My favorite vape is a 1.5ohm dual coil at 6V...comes out to be 22.5 watts.
Expounding on, not disagreeing with, what you said: Just to be clear; 22.5 watts allocated to two coils - 11-ish per coil = nice vape.
From my point of view, if you have two coils each producing 12W, then you have 24W. Unless I'm missing something?
Coils don't "produce" watts though, they consume them. Two coils consuming a total of 24 watts would have each one at about 12 watts = good. 24 watts going to a single coil = obviously way too hot, unless you're trying to vape asphalt.
Well the wattage (power, heat) is 12w, but the only thing that is multiplied at all is vapor volume. Since the power is the same from both coils you're cooking the juice at 12w.
Something doesn't smell right here, but I can't put my finger on it. Could be fine?
Absolutly not!
Each coil is running at 12watts.
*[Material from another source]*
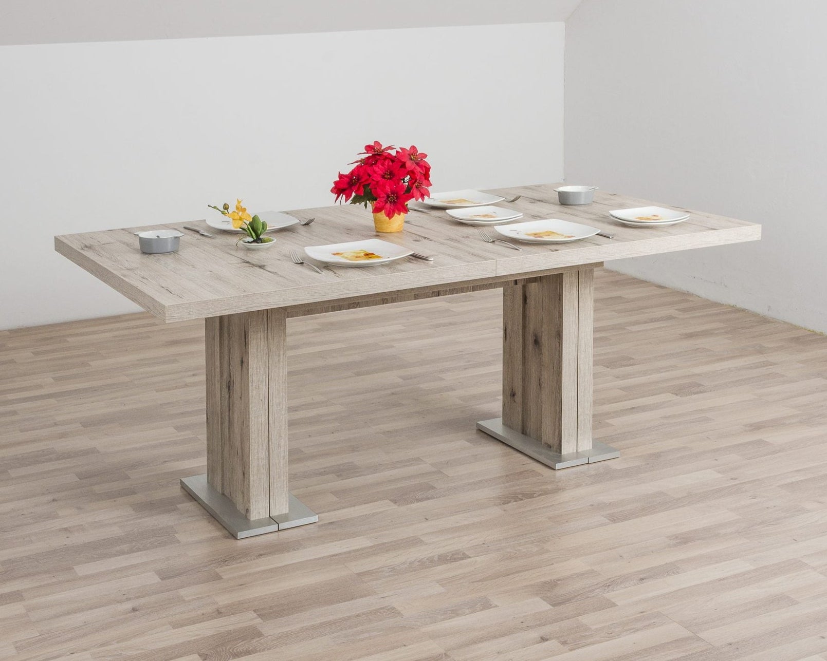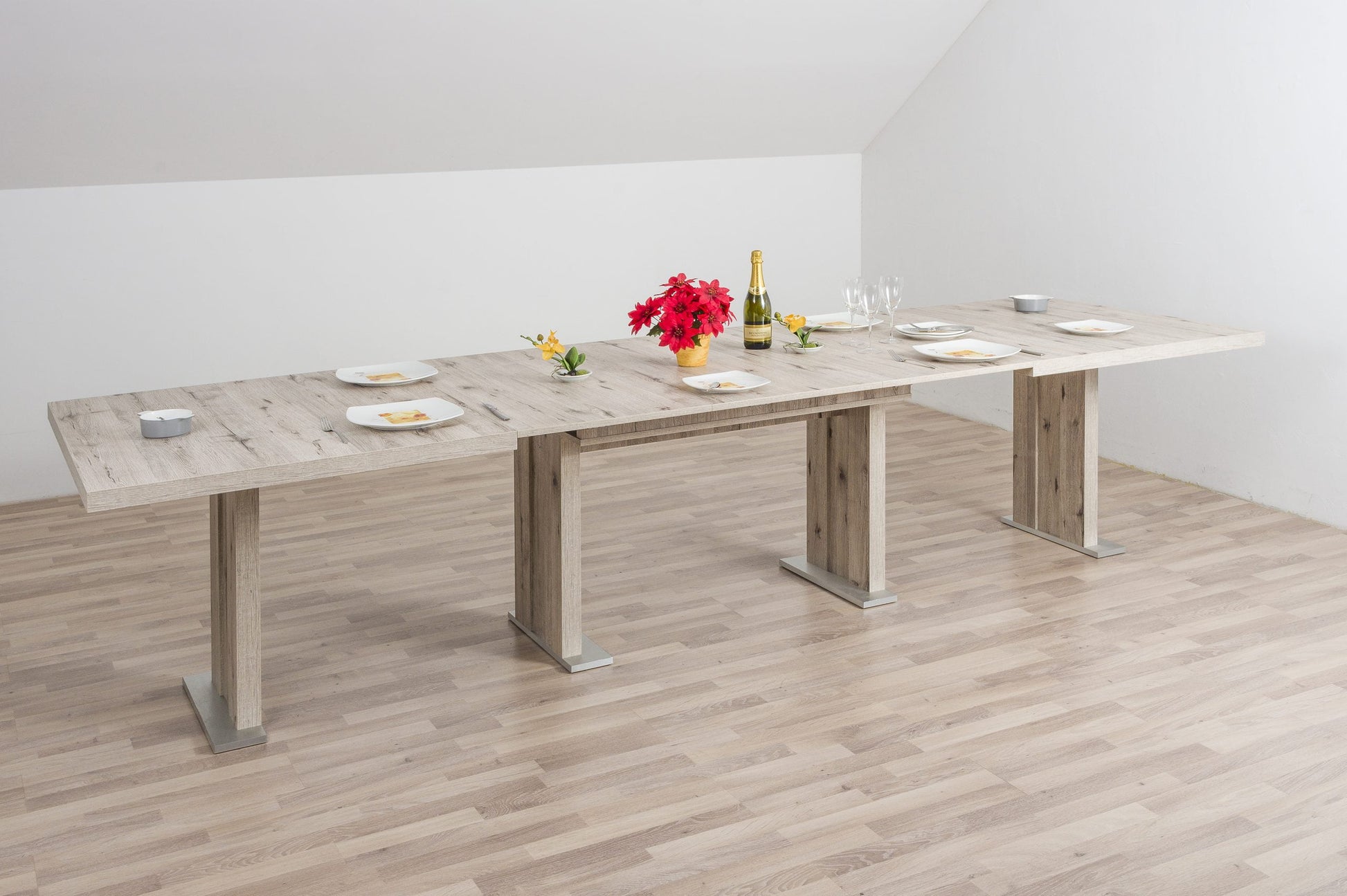 Raztegljiva miza s sredinskim podaljšanjem, ki s tremi podaljški do 50 cm podaljša osnovno dimenzijo mize za kar 150 cm. Zunanje podporne noge imajo vgrajena kolesca, ki skupaj s sinhronim vodilom omogočajo enostavno in hitro raztegovanje.

Push 24 watts through a 3ohm single coil if you think it is even close to the same thing, smoke would be coming out your ears!
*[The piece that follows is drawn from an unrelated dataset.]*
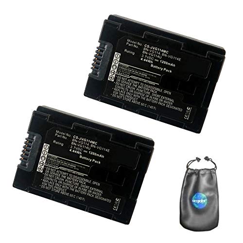Amsahr digital ersättning kamera och videokamera batteri för JVC BN-VG114, BN-VG138GZ-HM845 2-pack - Inkluderar linstillbehörsväska

Since 24 watts on a single coil 3.0 ohm coil would take about 8.48 volts, yeah, that's a lot. But having said that, it's really irrelevant how you get to 24 watts on that single coil. Regardless of the resistance of the wires that the 24 watts are doing their thing on, I think it might be useful to think of watts simply as heat. 24 units of heat, and it really doesn't matter what combination of volts and ohms created them.